Why Automate This with AI Agents
AI‑assisted automations offload repetitive, error‑prone tasks to a predictable workflow. Instead of manual copy‑paste and ad‑hoc scripts, your team gets a governed pipeline with versioned state, auditability, and observable runs.
n8n’s node graph makes data flow transparent while AI‑powered enrichment (classification, extraction, summarization) boosts throughput and consistency. Teams reclaim time, reduce operational costs, and standardize best practices without sacrificing flexibility.
Compared to one‑off integrations, an AI agent is easier to extend: swap APIs, add filters, or bolt on notifications without rewriting everything.
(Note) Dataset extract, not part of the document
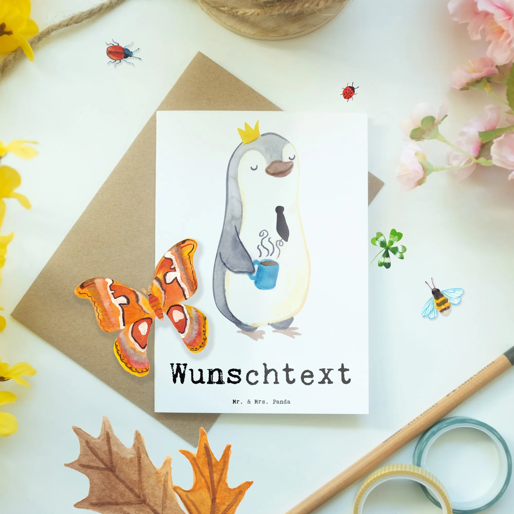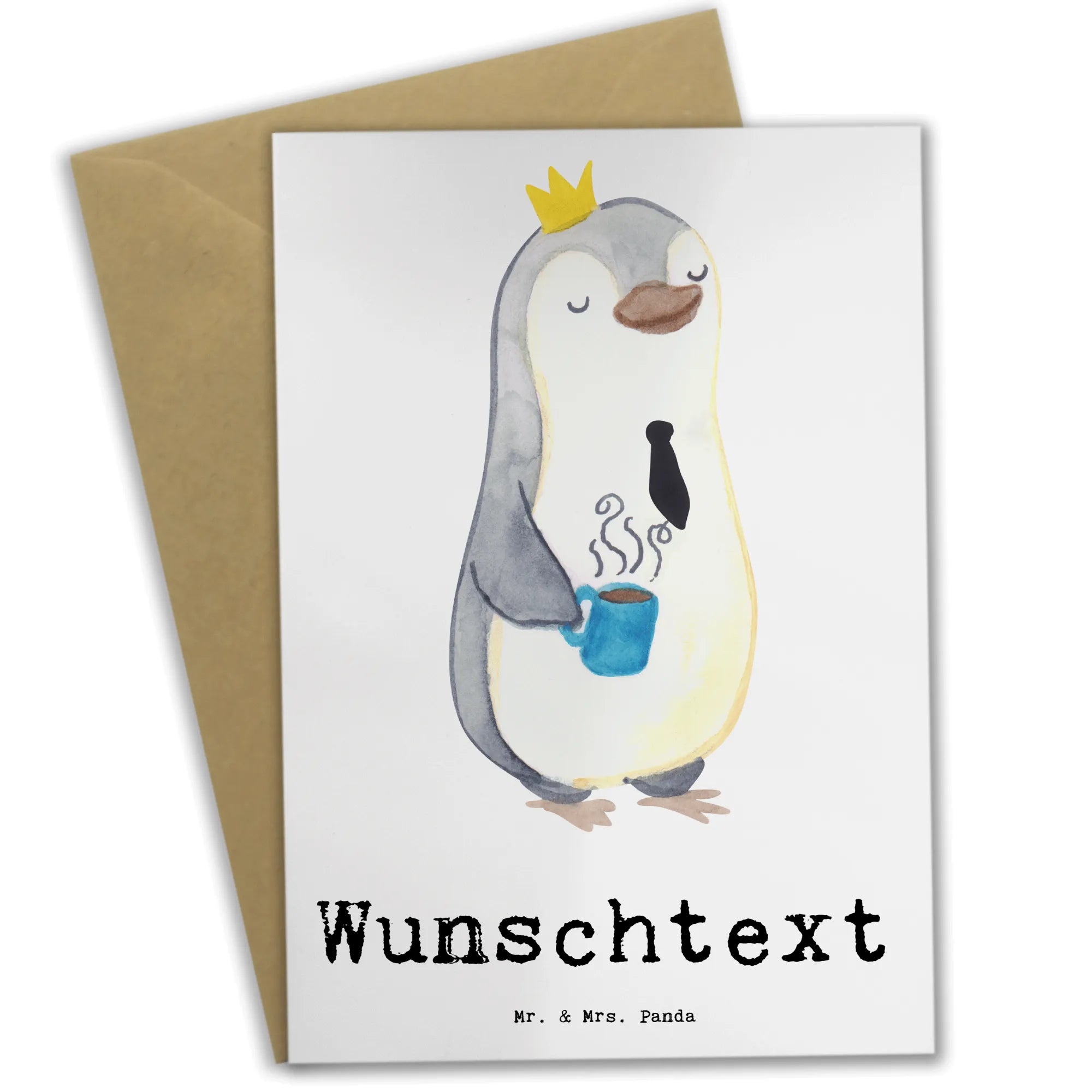 Das süße Design zeigt einen Pinguin mit einer Krone, der stolz seine Kaffeetasse hält – perfekt für einen Abteilungsleiter! Auf der Vorderseite kannst du deinen Wunschnamen oder Wunschtext anbringen, um damit den besonderen Charakter dieser Grußkarte zu unterstreichen. Der Slogan "Du bist nur ein halber Mensch, wenn du kein Abteilungsleiter bist" sorgt für ein Schmunzeln und macht die Karte zu einem echten Hingucker.

You get reliability, control, and a faster path from idea to production.
Best Practices
- Credentials: restrict scopes and rotate tokens regularly.
- Resilience: configure retries, timeouts, and backoff for API nodes.
- Data Quality: validate inputs; normalize fields early to reduce downstream branching.
- Performance: batch records and paginate for large datasets.
- Observability: add failure alerts (Email/Slack) and persistent logs for auditing.
- Security: avoid sensitive data in logs; use environment variables and n8n credentials.
FAQs
Can I swap integrations later? Yes. Replace or add nodes and re‑map fields without rebuilding the whole flow.
How do I monitor failures? Use Execution logs and add notifications on the Error Trigger path.
Does it scale? Use queues, batching, and sub‑workflows to split responsibilities and control load.
Is my data safe? Keep secrets in Credentials, restrict token scopes, and review access logs.